The platform isn’t simply a reality capture tool, but uses AI to interpret that information with features such as ‘Object Search’ allowing the user to search the whole job site for a particular object such as an emergency exit sign or a piece of equipment.

The BIM Compare feature allows the user to compare site images with the corresponding BIM image side-by-side.

ClearSight Progress Tracking uses AI trained to recognise items, such as wall frames and plasterboard, and allocates a % complete to the relevant location on the plans. 

The platform also integrates with several design and project management tools such as Procore, PlanGrid and Autodesk’s BIM 360.

Competitors 

Several other companies are targeting the reality capture and autonomous progress tracking space including Disperse, Doxel, HoloBuilder, Struction Site and Scaled Robotics, some of which use robots to autonomously roam the job site capturing images.

OpenSpace says that their platform’s main advantage is its ease-of-use and ability to plug-and-play. OpenSpace can be used with any commercially-available 360° 4K camera and doesn’t rely on location-tracking or GPS to align images. Instead, its computer vision ‘locates’ itself through image recognition - meaning there is no extra integration required for location-tracking devices. 

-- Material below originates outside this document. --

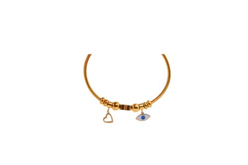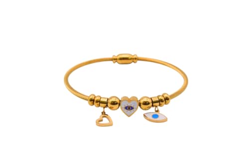 Generic - Stainless Steel Charms Bracelet With Eye & Heart Designn For Girls - Gold

“OpenSpace can be used TODAY, out-of-the-box, on any mobile platform you choose, including robots. The fact that our system uses computer vision to automatically locate and align images means that anyone (or any thing) can walk the site, on any path, and it will be aligned and registered to the floorplan.”

Price

OpenSpace is charged based on a percentage of project value, which the company wouldn’t reveal but they assure us it is below 0.1%. This would be somewhere under $100,000 on a $100 million project, which is seemingly money-well-spent to avoid construction errors with the potential to cost millions.

There is also a free plan available providing 360 site capture but requires manual placement of images on site plans, rather than the automated placement with paid plans.

Will it Revolutionise the Construction Site?

It’s a no-brainer that having more eyes on the site, more of the time, without restriction and costly travel time is going to have many benefits. These will stem from improved communication and dispute resolution, early identification of errors, and more efficient scheduling and coordination.

This all translates to time, cost, quality, safety and sustainability objectives.

But what will truly revolutionise the construction site is what’s next. This technology opens up a gateway to something bigger than data collection: data interpretation. 

OpenSpace has already started down this track with object recognition and progress tracking. Whilst these platforms may start as reality capture, they will develop into site analysis tools that don’t just collect data, but are able to analyse it and draw conclusions to pinpoint areas for improvement and provide actionable recommendations on more effective job site operation.

These tools will harness machine learning to become recommendation engines, advising project managers on operational improvements such as the most efficient site layout, waste reduction, critical path scheduling, crane and plant movements, etc. - the possibilities are endless.

Cofounders Jeevan Kalanithi (CEO), Philip DeCamp (CTO) and Michael Fleischman (Chief Scientist) all have extremely impressive resumes, with experience ranging from PhD’s to previous company acquisitions by Twitter.

They have raised a total of $33 million since setting out in 2017 to solve what Kalanithi says is one of construction’s biggest problems: record-keeping. But judging from the extremely high capability within the founding team, don’t expect them to stop there. 

OpenSpace founders Jeevan Kalanithi, Philip DeCamp and Michael Fleischman.